The Anchorman sequel and Spike Jonze’s Her are in theaters in time for the holidays.

Anchorman 2: The Legend Continues
Costume designers and production designers must love working on movies that are set in the ’70s and early ’80s. The clothing and hairstyles that were fashionable at the time seem uniquely foul to modern eyes, not to mention the monstrous cars and outlandish interior designs that seemed to suggest everybody was a pimp who lived in a disco. But the very hideousness is a lot of fun to look at, and can generate laughs all by itself. In fact, the Anchorman series of films is firmly predicated on the idea that there’s nothing funnier than dressing modern-day comedians up in the worst of ’70s and ’80s fashion and parading them through the worst-looking of ’70s and ’80s scenery. In the first Anchorman film, this concept was coupled with a parody of ’70s sexual politics—Will Farrell’s Ron Burgundy was the ringleader of a crew of deeply sexist newscasters, which became an organizing idea around which the entire movie revolved. In Anchorman 2:The Legend Continues, which is set in the early ’80s, this lampoon of sexism has been replaced by a lampoon of racism, as Ron Burgundy and his crew find themselves working for a black woman and unable to cope with the idea.

Her

An oft-noted property of modern communications is that they allow people to relate to each other without actually really knowing each other. Many have experienced the phenomenon—the long-distance relationship, carried on by phone conversations or instant message or some other means that eliminates dealing with a physical being. Such a relationship can seem ideal, because, after all, it’s only when we actually have to interact with a real human being that complications set in. It’s part of the human condition to pine for the ideal and thus be perennially disappointed by real people. In a twist on this idea, the film Her, starring Joaquin Phoenix and set in the not-so-distant future, imagines a relationship between a man, Theodore Twombly, and “Samantha.” Samantha is a computer-generated personality, but is so lifelike and seemingly perfect for Theodore that he actually falls in love with “her”—she brings him the happiness and love that he has always missed in his real-life, human relationships.

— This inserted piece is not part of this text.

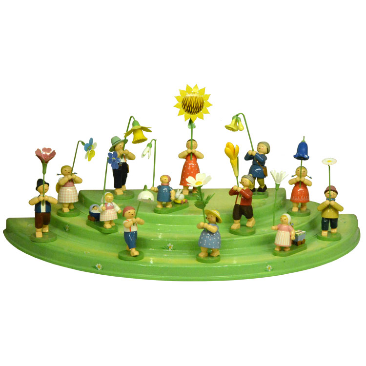 Die Blumenkinder von der Firma Wendt & Kühn sind sehr beliebt. Ob das Mädchen mit dem Stiefmütterchen, die Sonnenblume hier ganz oben auf der Treppe, der Junge mit dem Krokus aus dem Jahr 2014 oder die beiden Kleinen mit Puppenwagen oder dem Blumenwagen. Alle Blumenkinder mit ihren Blumen sind nett anzuschauen. Hier dekoriert auf der grünen Frühlingstreppe von Wendt & Kühn.

He happily relates to her over the phone just as if she were at work or in another city on business—in other words, the same way some contemporary couples relate to each other more satisfactorily over the phone than they do in person. The film raises some interesting questions about human interactions with ever more human-like machines and whether it’s OK for someone to satisfy his need for love and companionship with the aid of artificial intelligence.